Dal punto di vista strettamente economico il confezionamento dei legumi così fatto è ancora lievemente più caro di quello tradizionale. Parliamo di qualche centesimo di euro per ogni contenitore, cosa però che se viene moltiplicata per centinaia di migliaia di contenitori possiede un certo impatto economico. “Per noi è un costo i cui vantaggi vengono riconosciuti, specialmente all’estero, dai nostri clienti che apprezzano i contenuti legati alla sostenibilità che possiede questo packaging” conclude Luca Zocca. “E non siamo i soli a dirlo: una serie di ricerche di mercato hanno verificato nei fatti l’esistenza di consumatori che in tutto il mondo apprezzano contenuti etici e sostenibili. Anche a costo di qualche sovrapprezzo in più.”
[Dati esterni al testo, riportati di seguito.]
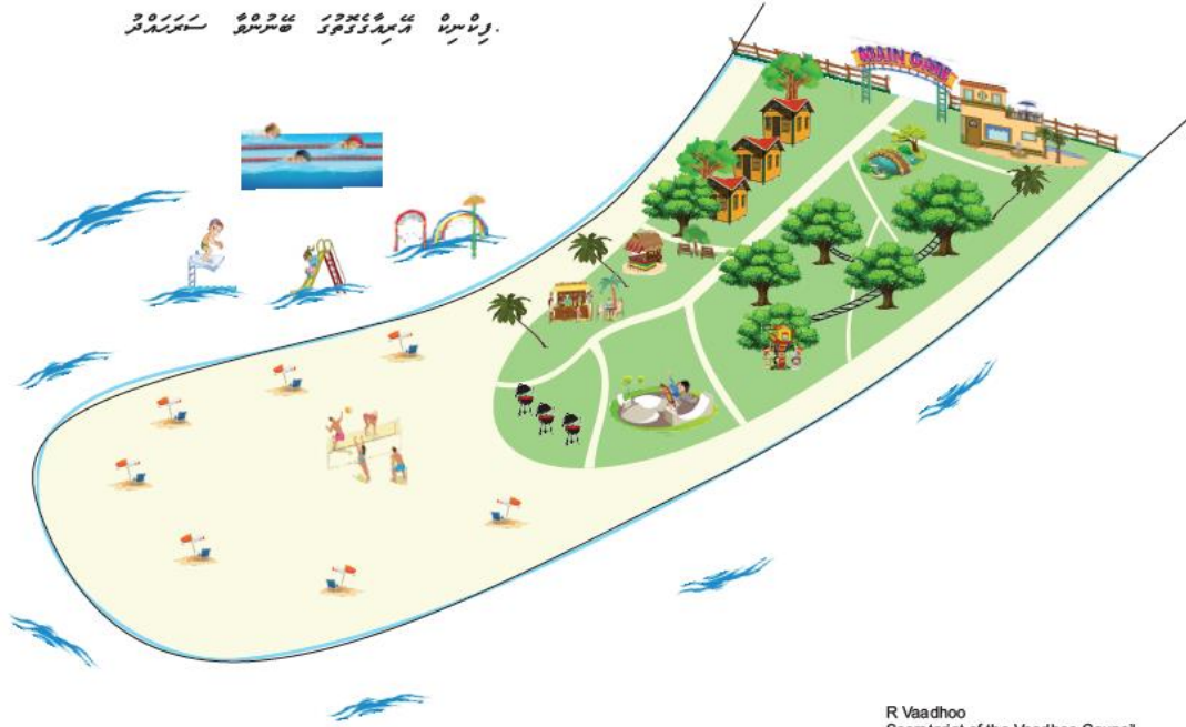
R Vaadhoo Secretariat of the Vaadhoo Council

වැඩසටහන, වැඩසටහන, වැඩසටහන, වැඩසටහන, වැඩසටහන
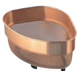
①ピュリティー 純銅 メッシュ 三角コーナー
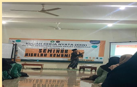
Gambar 1. Penyampaian materi seminar oleh pemateri

Jika ada wanita yang mengeluarkan darah tetapi tidak memenuhi 4 syarat diatas maka tidak dihukumi haid melainkan dihukumi istihadloh. Dari uraian diatas maka dapat dipahami masa haid paling sedikit dari seorang wanita adalah 1 hari, masa haid paling lama adalah 14 hari dan masa suci paling sedikit adalah 15 hari 15 malam.
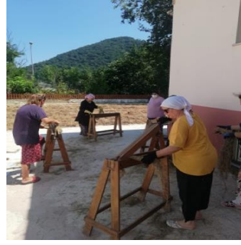
Fotoğraf 19. Ayancık Keten Evi (Kurtuluş İlköğretim Okulu), lif kırma çalışması.

Ayrıca yine proje kapsamında, Ayancık Belediyesi'ne tahsis edilen Hasan Hüsnü Kılıç Konağı için "Yaşayan Müze" olarak kullanıma yönelik girişimde bulunulmuştur. Üretim, tanıtım, sergileme ve satış imkânlarının da olacağı müzede çalışmalar devam etmektedir (fotoğraf 21).
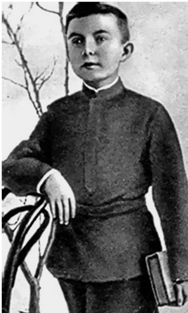
2. Антон Макаренко – школьник. 1901 г.
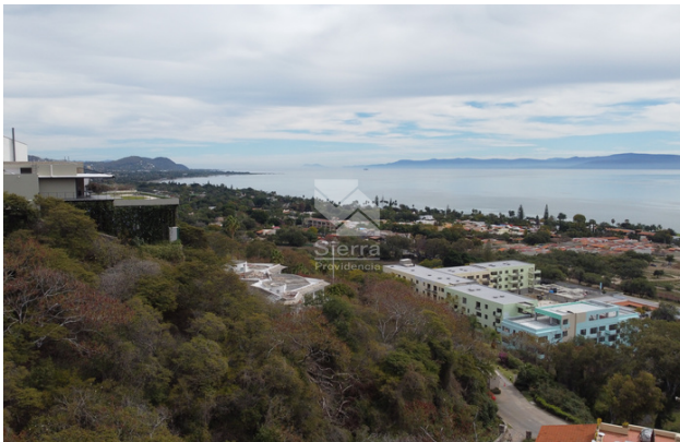
VISTA DESDE TERRENO
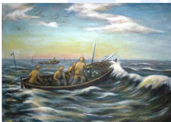
Suurele püügile, 1982, õli.
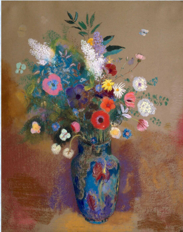
Букет цветов Одилон Редон

Техника пастели любима многими художниками.
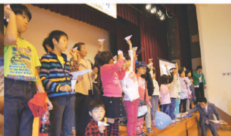
エンディングに紙ヒコーキを飛ばしました

《瑞穂地区》 押し花ボランティア「花かご」 《丹波地区》 押し花ボランティア「すずらん」 《丹波地区》 絵手紙ボランティア
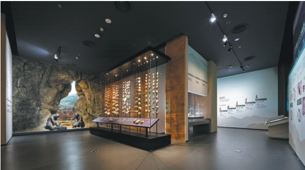
“华夏先祖 文明曙光”展区
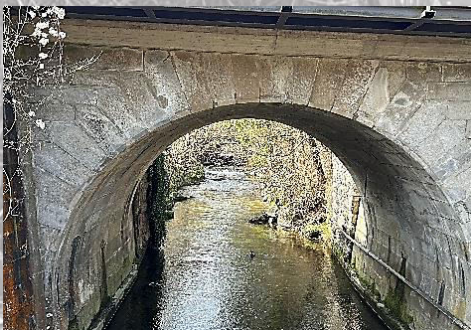
Brücke 8: Eisenbahnbrücke (passiert)
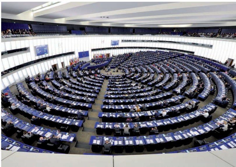
SAKÍTOTT EGYMÁSSAL AZ EPP ÉS A FIDESZ

mány hamarosan az uniós bíróságon támadja meg a tavaly elfogadott jogállamisági rendeletet, és ez már az Európai Néppártban is sokak, többek között a német tagok nemtetszését is kiváltotta. Ahogy írják, sokkal inkább ez, illetve a magyarországi események, mintsem a Néppárt frakciójának alapszabály-módosítása vezetett a szakításhoz. Manfred Weber, az Európai Néppárt frakcióvezetője az osztrák Profilnak adott interjújában azt mondta, az alapvető kérdésekben, jogállamiság, keresztény emberkép, eltávolodott Orbán pártja az Európai Néppártól, és ezen nem lehetett túllépni. Weber hangsúlyozta, hogy nem Deutsch
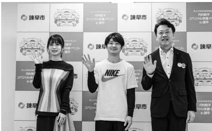
▲開業記念「内村航平スペシャル体操イベント in 諫早」
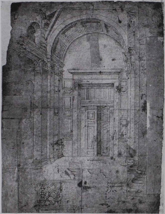
Fig 171 Vorhalle des Pantheon, Federzeichnung, Studienbibliothek (S. 122)
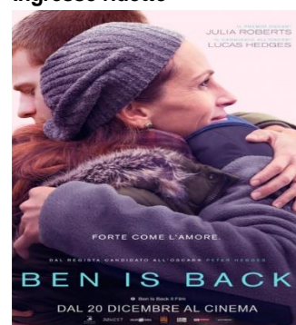
Ben Is Back VEN. 18 20.30 SAB. 19 20.30 DOM. 20 20.30
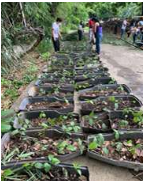
Fig. 1. Re-siembra de plántulas sobre cáscaras de lámparas urbanas desechadas por la Alcaldía de Chacao
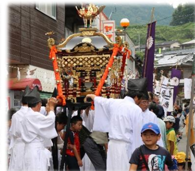
△多くの観光客が神楽観賞を楽しんでいました
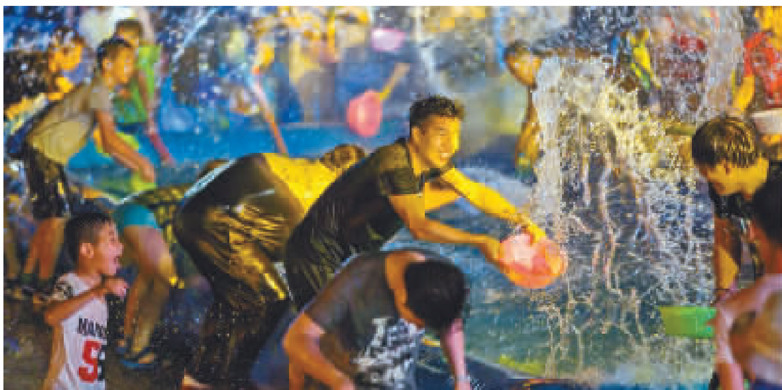
游客夜间在北仑凤凰山海港乐园泼水狂欢。
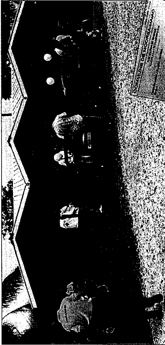
L'entrée de la salle des mariages était sous bonne garde.

lé sans heurts, si ce n'est quelques cris de protestation, et de la musique traditionnelle provenant des voitures des militants. Après une petite demi-heure, des applaudissements se sont fait entendre. Les futurs mariés s'étaient dit "oui" !
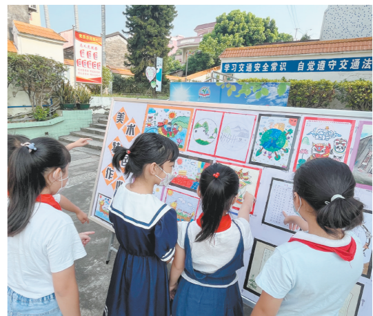
同学们在观看作业展。

江门日报讯（文/图 记者/潘诗欣 通讯员/林家辉）千层花轿少年七巧板、栩栩如生的赛龙舟、图文并茂的成语接龙……在蓬江区棠下镇中心小学暑假作业展上，一份份精美的作品记载着同学们的快乐暑假生活，展示着“双减”多彩成果。

C’è da dire che l’utilizzo di questi contenitori, però, è ancora basso e a Pedon contano di ridurre la differenza di costo tra queste confezioni e quelle tradizionali grazie alle economie di scala introdotte da una produzione più ampia. E se l’inizio della corsa del nostro fagiolo nell’arena dell’economia circolare è stato questo, è anche lecito pensare che il traguardo della parità di costo sia più vicino di quanto possiamo immaginare.